▸ Exercise brief
Give back exactly the lines from the beginning of the listing below to the line holding "Индия в 2023", both ends included; the pictures stay out.

════════════════════

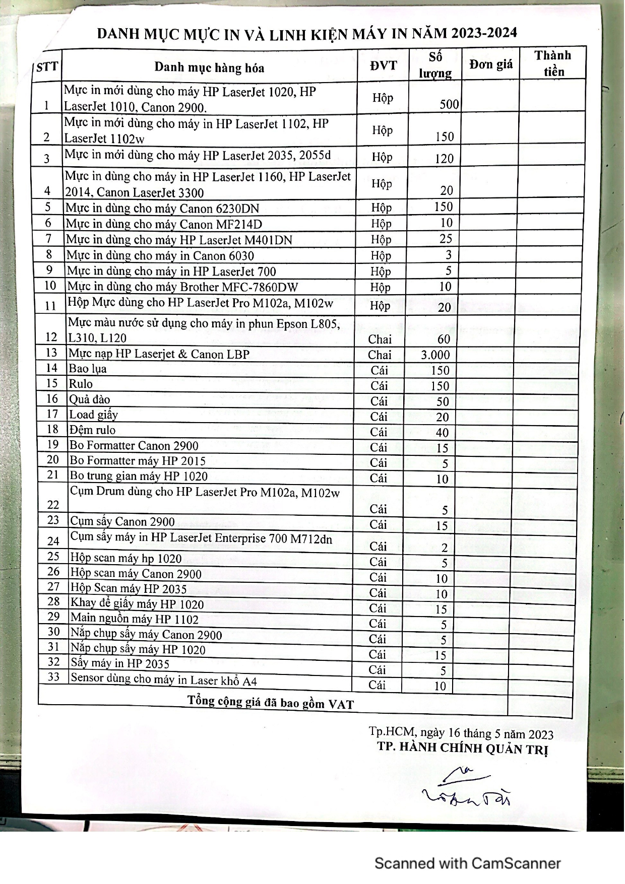 Thư mời chào giá cung cấp mực in và linh kiện máy in năm 2023-2024
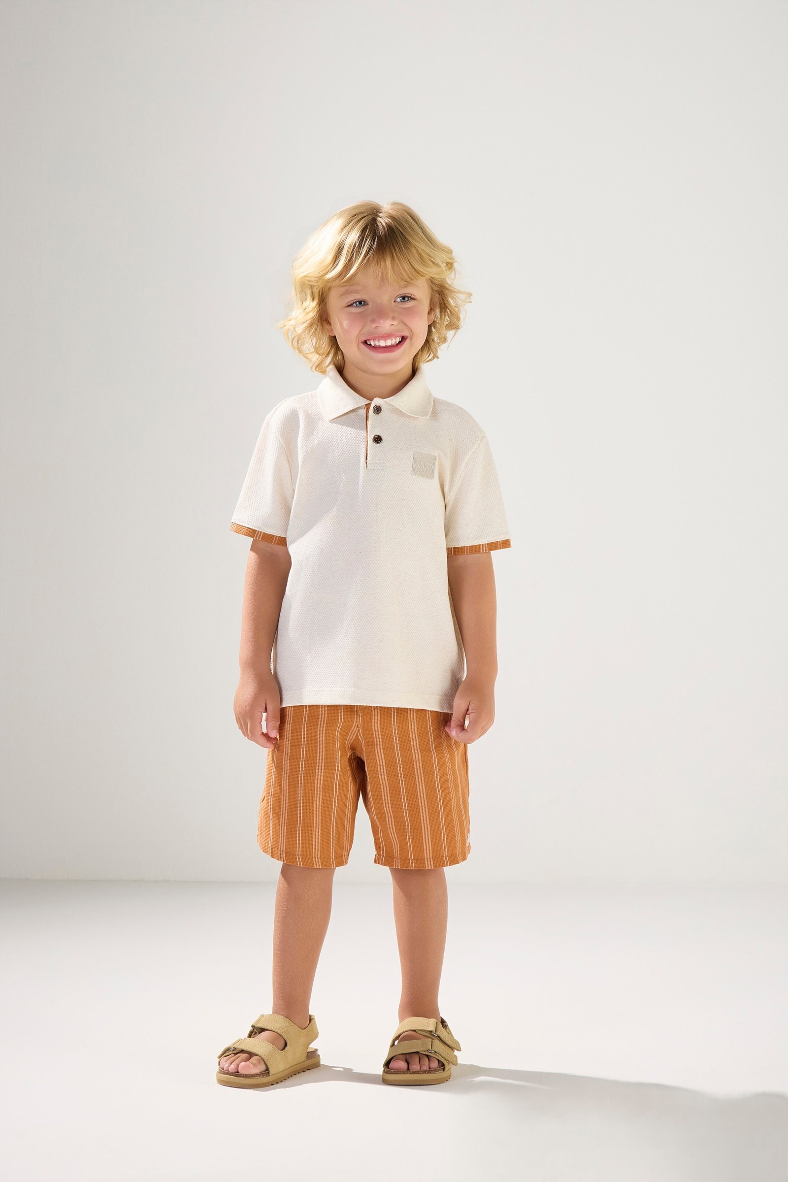 Camisa polo texturizada e bermuda
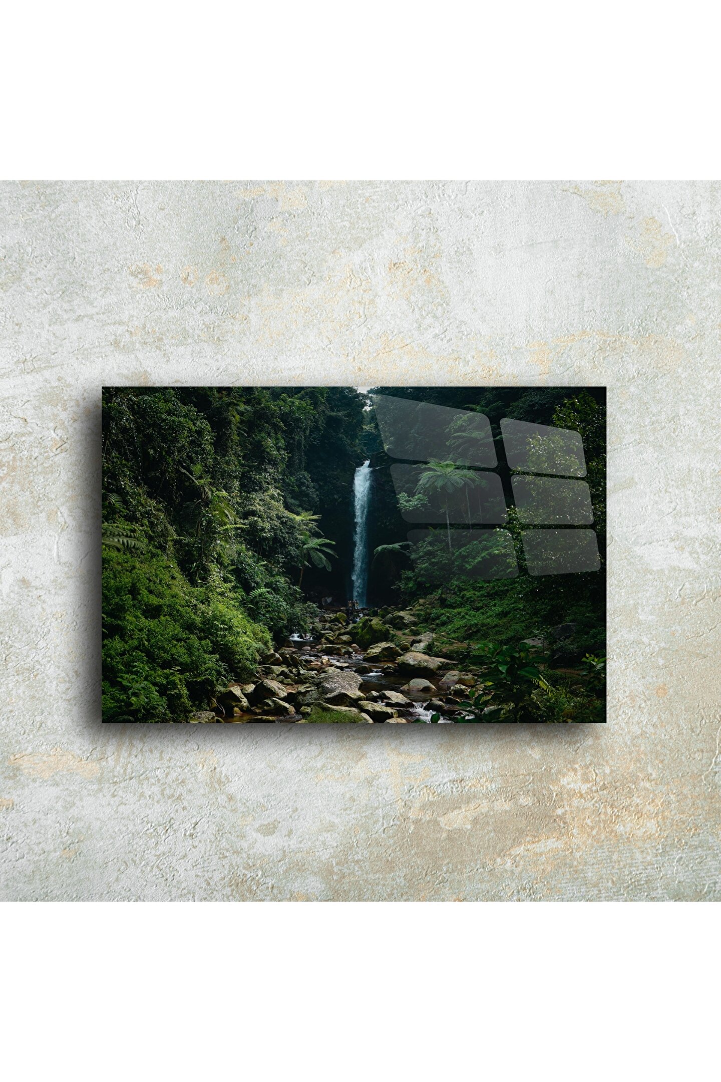 Doğanın büyüleyici gücünü evinize taşıyın. Bu yüksek parlak cam tablo, yeşilin tüm tonlarını içeren tropik bir orman ve zarif bir şelale sahnesiyle huzur ve estetiği bir araya getiriyor. Her detay, modern yaşam alanlarında dinginlik ve stil yaratmak için tasarlandı.
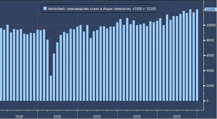 Индия в 2023 г. демонстрирует самые высокие в мире темпы роста производства стали
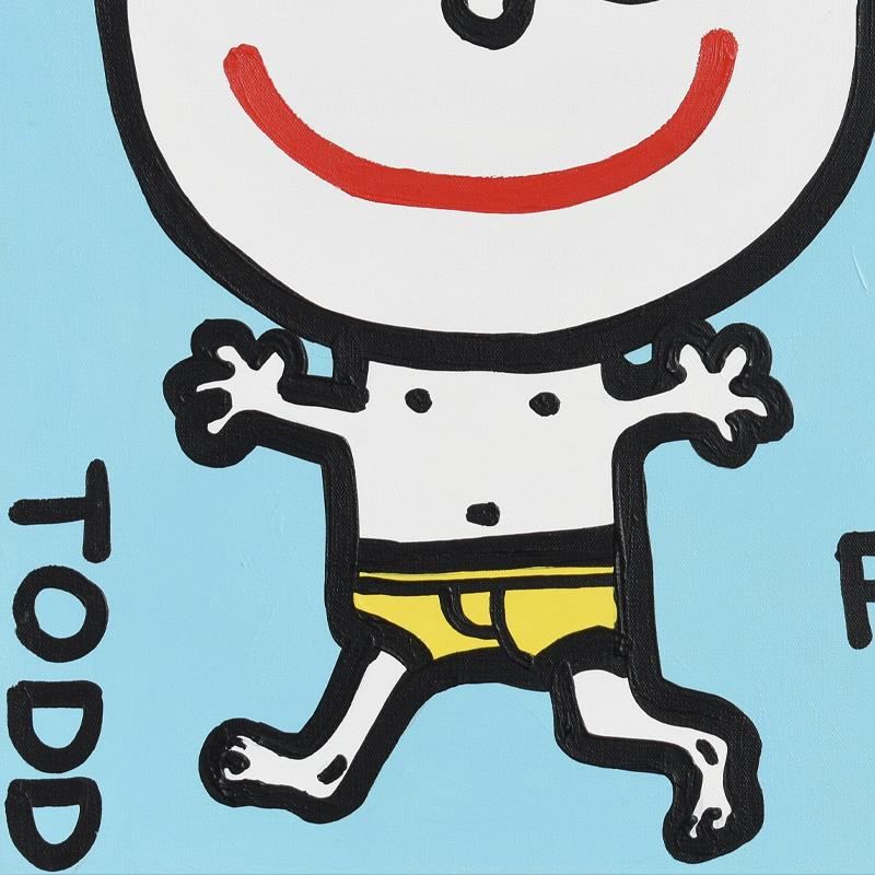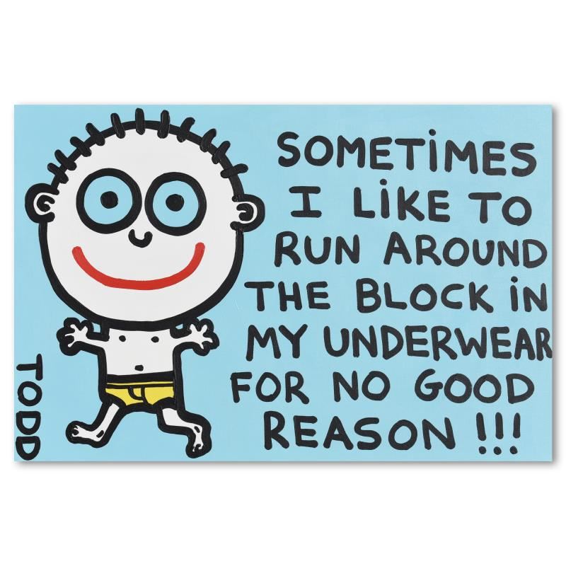 "Running Around" is an original acrylic painting on gallery wrapped canvas by Todd Goldman, hand signed by the artist. Includes Letter of Authenticity. Measures approx. 36" x 24" (image). Due to the way this piece was stored there may be minor wear or signs of age (such as wear on the corners) but the piece is in overall good condition.
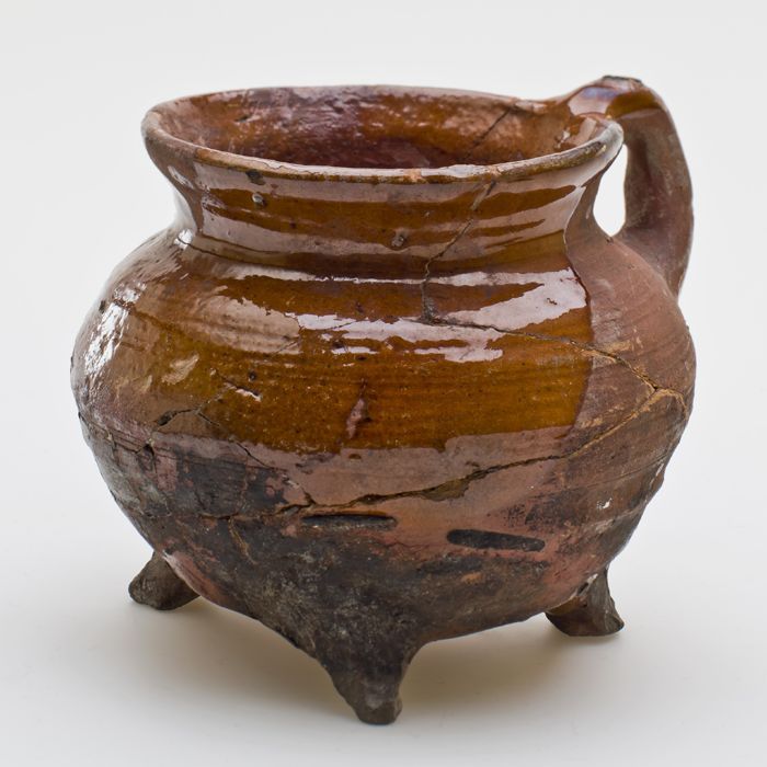 Aardewerk kookpot, kookkan met fijne draairillen op ...
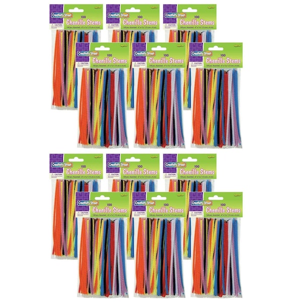 Pack of 100 regular size stems in assorted colors. Each piece is 6" x 4mm and packaged in a poly bag with header. Sold as 12 packs for a total of 1200 stems.
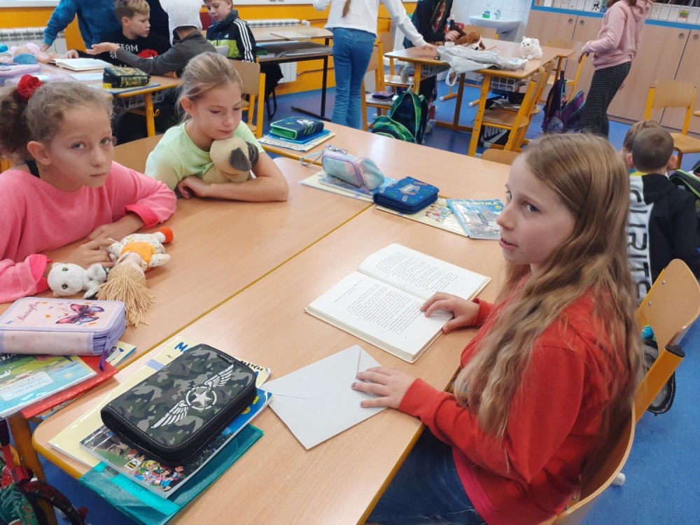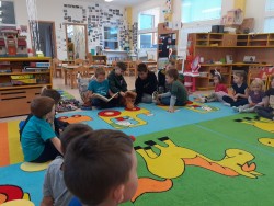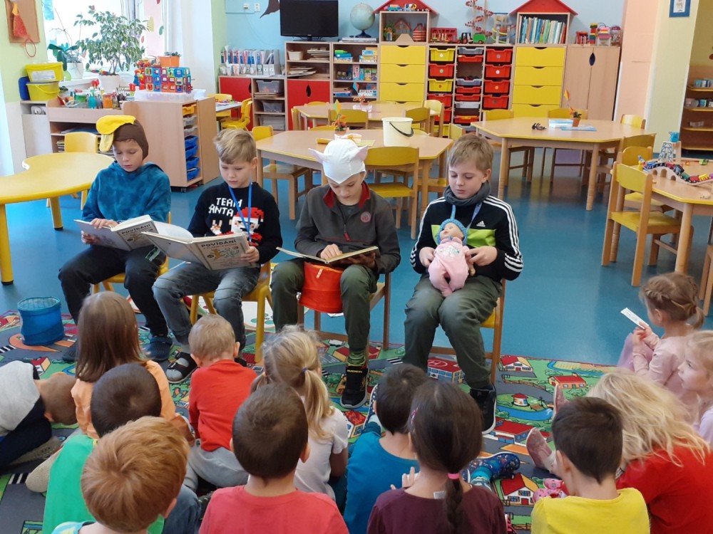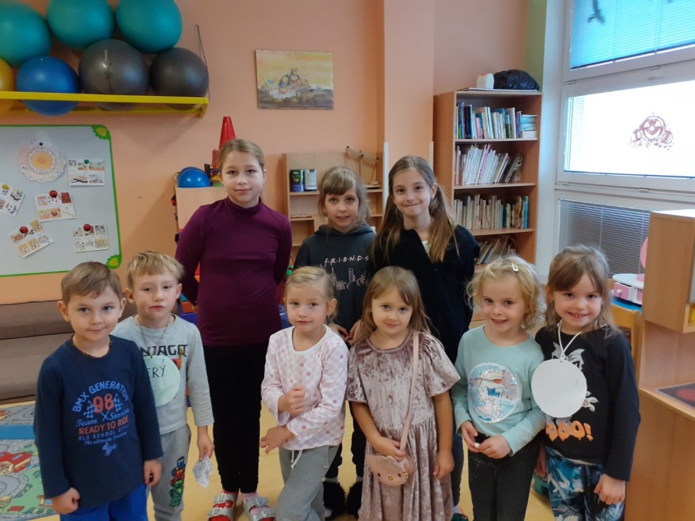 Čtvrťáci si letos vyzkoušeli práci s textem, přednes, dramatizaci a tvorbu zajímavých otázek k přečtené pohádce. Hledali v příběhu poučení a pokusili se jej předat dětem v předškolním věku. Navíc si nostalgicky zavzpomínali a navštívili paní učitelky, které se jim před několika lety ve školce věnovaly. Byla to velmi milá a přínosná zkušenost, které ovšem předcházela poctivá příprava ve skupinách, režijní a trochu i dramatická práce. Paním učitelkám ve školce děkujeme za milé a vstřícné přijetí.

════════════════════

▸ Reply to the task
 Thư mời chào giá cung cấp mực in và linh kiện máy in năm 2023-2024
 Camisa polo texturizada e bermuda
 Doğanın büyüleyici gücünü evinize taşıyın. Bu yüksek parlak cam tablo, yeşilin tüm tonlarını içeren tropik bir orman ve zarif bir şelale sahnesiyle huzur ve estetiği bir araya getiriyor. Her detay, modern yaşam alanlarında dinginlik ve stil yaratmak için tasarlandı.
 Индия в 2023 г. демонстрирует самые высокие в мире темпы роста производства стали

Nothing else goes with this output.